What the industrial revolution contributed was mechanization rather than fertilizers.
In 1701 AD the Berkshire farmer Jethro Tull devised a simple seed drill based on organ pipes, which resulted in eight times as many grains harvested for every grain sown. Like most agricultural innovators since, he was vilified.Tull is credited by some as being the first precision farmer. The son of a farmer, he trained as a lawyer, but financial problems drove him back to farming where he experimented and invented. He also invented a horse-drawn hoe to clear away weeds and in 1731 published his ideas in The New Horse Houghing Husbandry: or, an Essay on the Principles of Tillage and Vegetation.
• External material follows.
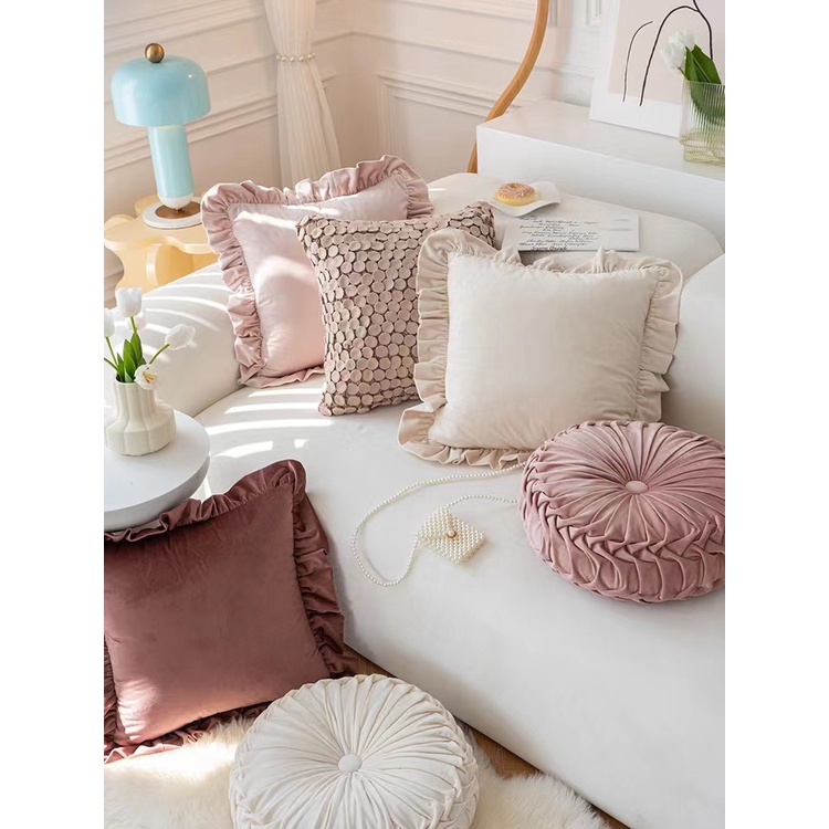 สไตล์ยุโรปรอบสีแดงแข็งสีเทาสีน้ำเงินสีชมพูสีเบจสีเขียวเบาะนั่งผ้ากำมะหยี่เบาะหลังหมอนโซฟาหมอนเตียง

It's interesting that organ pipes inspired him since that was also an early inspiration for computing devices and, if you look at it properly, a kind of education in mathematics and physics as well as sound and music. It's worth using a little of that math to contemplate the significance of Tull's seed drill. You could grow eight times as many grains as were sown. The precision depth and spacing of seeds was less wasteful of seed as well as increasing the yield. Looked at another way, you got to eat 7/8ths of the crop rather than a lesser percentage. And it would have been a lesser percentage of a smaller number to boot. The seed drill greatly increased the amount of available food. No wonder they wanted to hang him. He was the ADM of his time, sort of. Too successful to admire, only spite and envy would be appropriate from the grievance groupies of that era. Some things don't change.
It's easy to deflate the pompous prigs of the grievance industry and expose their greed and corruption, but there are real problems. Food isn't as good as we can imagine it might be. The environment is exhausted by our current efforts. We can do better.
But it's important to be realistic and tell the stories straight. These are the good old days. Food is better than ever, and it is produced with less strain on the environment than before, even though we produce much more of it. In the bad old days of yore - before nasty modern things like refrigeration and chemical fertilizers - kings would have traded their crowns for a chance to buy groceries at a commonplace modern store. We take fresh produce all year round for granted but it would have seemed a miracle not that long ago.
Our food is not only fresher, it is also safer to eat. Food borne pathogens are far less prevalent than in the past. We do lose some nutrition though, since most produce and a lot of grain harbored colonies of insects, or at least lots of their feces, to boost protein. And we lose some medicines since microbial colonies in foods were more common as well, giving us our antibiotics, and some fairly interesting hallucinogens, straight from the source. Ergot anyone? Want to get dosed and burn some witches?
We know how to make better food with less environmental damage, but we don't yet know how to do it for everyone. The nostalgia for a mythical past when we all had good, natural food is bunk. In the past the vast majority of people were hungry most of the time and ate what we would consider garbage when they ate at all. They lived short, sickly lives of back breaking toil. Today a larger percentage of a very much larger number of people eat like royalty compared to the past, yet 1 in 6 humans is still food insecure, and there are costs as well as benefits to wide spread food security. We eat too much and get too little exercise. We exhaust our land and water, we pollute our environment. We have made great progress and still have a long way to go.